En somme, ces « incertitudes » proviennent du fait que l’enseignant procède à tâtonnement pour découvrir ce que l’élève a appris. Bien que ce soit l’enseignant qui est le mieux placé pour savoir ce qui a été enseigné, c’est en effet l’élève qui est le mieux placé pour savoir ce qu’il a appris (Elbow, 1981). Ainsi, pour être efficace, la régulation

(6)

de l’enseignant devrait s’accompagner de la participation de l’élève sans quoi son effet sur l’apprentissage demeure aléatoire (Perrenoud, 1997).

Les régulations qui mènent à l’apprentissage ciblé chez l’élève dépendent généralement d’un ensemble de régulations externes et internes. Ainsi, l’autorégulation chez l’élève ne s’exercerait jamais indépendamment de la régulation externe, mais toujours en relation avec celle-ci. L’élève apprendrait à s’autoréguler en se laissant d’abord réguler par les autres, ensuite en se régulant avec les autres et enfin en utilisant lui-même ce qu’il a appris des autres. De cette façon, on ne peut jamais véritablement parler d’autorégulation en soi, mais plutôt « de degrés variables de corégulation mettant en relation des processus d’autorégulation avec des formes de guidage » (Allal, 2007, p.

11).

La corégulation comprend également la notion de désétayage où la régulation de l’enseignant est progressivement remplacée par des sources de régulations externes moins prégnantes (p. ex. : les pairs, le matériel) dans le but d’aider l’élève à devenir plus autonome et à dépendre moins de l’intervention de l’enseignant. Le désétayage et l’interaction sociale représentent les deux composantes clés de la corégulation (Hadwin et Järvelä, 2011). Par conséquent, dans un contexte où l’intention de l’évaluation est de soutenir l’apprentissage, toute action régulatrice de la part de l’enseignant devrait viser à faire participer l’élève au processus d’évaluation.

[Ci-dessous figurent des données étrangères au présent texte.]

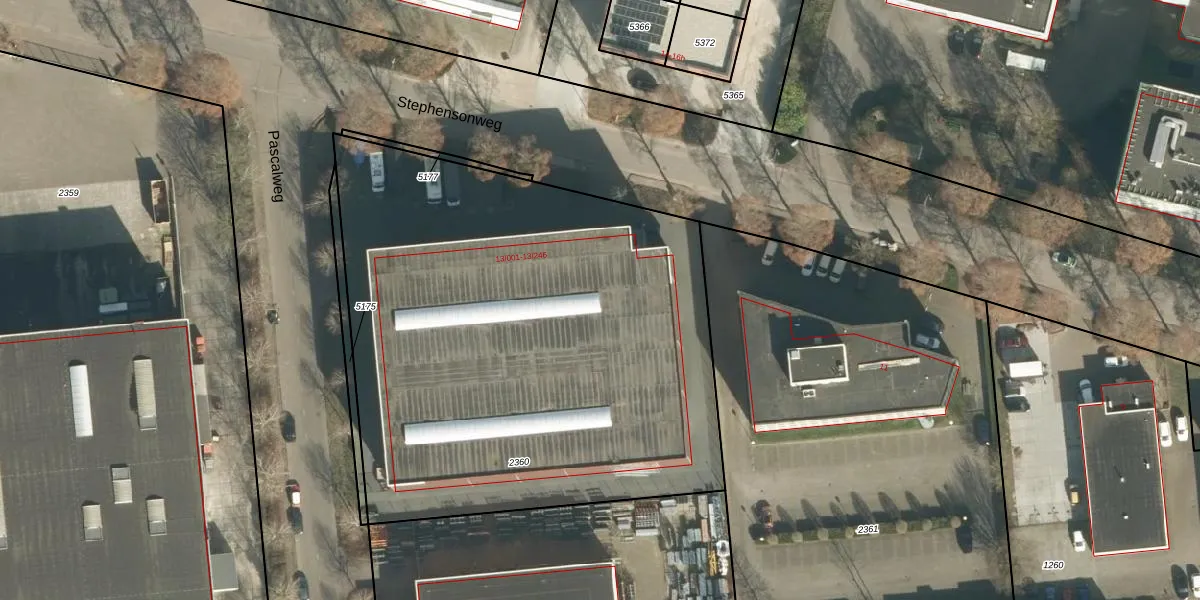 Het perceel waarop Stephensonweg 13-015 staat heeft een oppervlakte van 3295 m². Dit is een zeer groot perceel. De perceeloppervlakte wordt geregistreerd door het Kadaster. Gedetailleerde informatie over de maten van dit perceel kunt u vinden in het rapport Kadastrale kaart met maatvoering van Stephensonweg 13-015.

En effet, il est peu réaliste de croire que l’élève apprendra par lui-même à s’autoréguler si l’enseignant ne lui fournit pas les occasions de le faire. Pour faire participer l’élève de façon active dans son apprentissage, c’est l’enseignant qui doit d’abord veiller au dosage adéquat de soutien. Au fur et à mesure que les habiletés de l’élève progressent, l’intention est de le faire participer de plus en plus dans la prise de décisions (Laveault, 2007). Par ailleurs, la rétroaction orale ou écrite faite par l’enseignant peut être à la base du désétayage lorsqu’elle donne à l’élève les renseignements dont il a besoin pour progresser. Mais toutes les rétroactions ne se valent pas. Par exemple Kluger et DeNisi (1996) préviennent que la rétroaction peut avoir une incidence négative sur la performance de l’élève lorsqu’elle menace l’estime de soi, notamment lorsqu’elle traite de l’élève plutôt que de son travail. De la même façon, Hattie et Timperley (2007) trouvent que la rétroaction la plus efficace porte sur la tâche en traitant des forces et des faiblesses du travail, suggère à l’élève des stratégies d’amélioration appropriée et l’informe sur l’efficacité de ses actions.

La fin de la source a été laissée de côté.